FIG. 5 shows data when only the transparent silicone resin is sealed. The horizontal axis represents the concentration (% by weight) of alumina in the light diffusing reflector containing layer, and the vertical axis represents the light extraction efficiency. It can be seen that the light extraction efficiency decreases when the alumina concentration is 0% to 10%, but the light extraction efficiency increases as the alumina concentration increases from 10% to 30% to 50%. In particular, the light extraction efficiency was improved at 30% to 50%, compared with the case where the light diffusing reflector-containing layer was not formed (0%).

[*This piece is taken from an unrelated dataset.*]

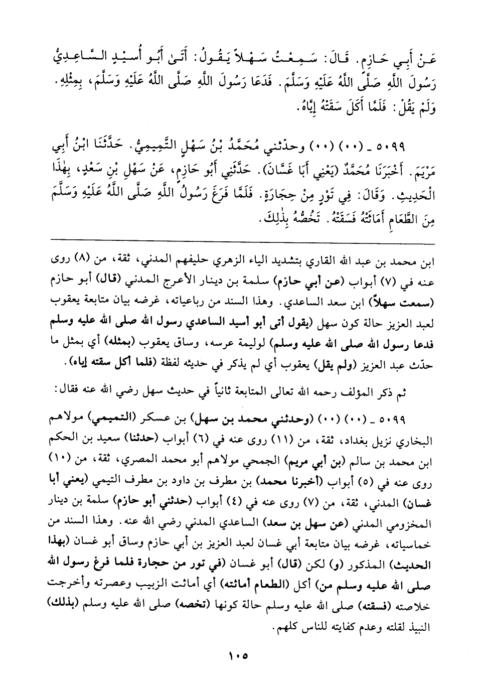 ٥٠٩٩ - (٠٠) (٠٠) (وحدثني محمد بن سهل) بن عسكر (التميمي) مولاهم البخاري نزيل بغداد، ثقة، من (١١) روى عنه في (٦) أبواب (حدثنا) سعيد بن الحكم ابن محمد بن سالم (بن أبي مريم) الجمحي مولاهم أبو محمد المصري، ثقة، من (١٠) روى عنه في (٥) أبواب (أخبرنا محمد) بن مطرف بن داود بن مطرف التيمي (يعني أبا غسان) المدني، ثقة، من (٧) روى عنه في (٤) أبواب (حدثني أبو حازم) سلمة بن دينار المخزومي المدني (عن سهل بن سعد) الساعدي المدني رضي الله عنه. وهذا السند من خماسياته، غرضه بيان متابعة أبي غسان لعبد العزيز بن أبي حازم وساق أبو غسان (بهذا الحديث) المذكور (و) لكن (قال) أبو غسان (في تور من حجارة فلما فرغ رسول الله صلى الله عليه وسلم من) أكل (الطعام أماثته) أي أماثت الزبيب وعصرته وأخرجت خلاصته (فسقته) صلى الله عليه وسلم حالة كونها (تخصه) صلى الله عليه وسلم (بذلك) النبيذ لقلته وعدم كفايته للناس كلهم.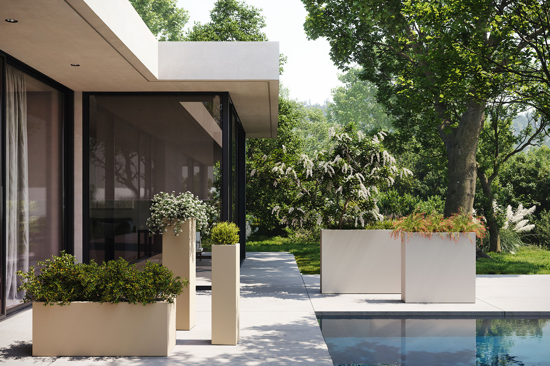 Jarrón fabricado en resina de polietileno moldeada por rotación. 100 % reciclable. Apto para interior y exterior. Disponible en varios acabados.

The light diffusing reflector in the layer containing the light diffusing reflector is added with a light diffusing reflector having a large specific gravity to the low-viscosity binder resin, so that the concentration of the light diffusing reflector is higher on the side closer to the substrate. It seems that a gentle concentration gradient occurs. As a result, light emission from the side surface of the light emitting element is not hindered, and it is considered to have a strong diffuse reflection effect directly under the semiconductor light emitting element.
Further, although not shown in the graph, when the light diffusion reflector containing layer having an alumina concentration of 50% by weight was sealed with a sealing member containing a phosphor, the light extraction efficiency was improved by about 10%. .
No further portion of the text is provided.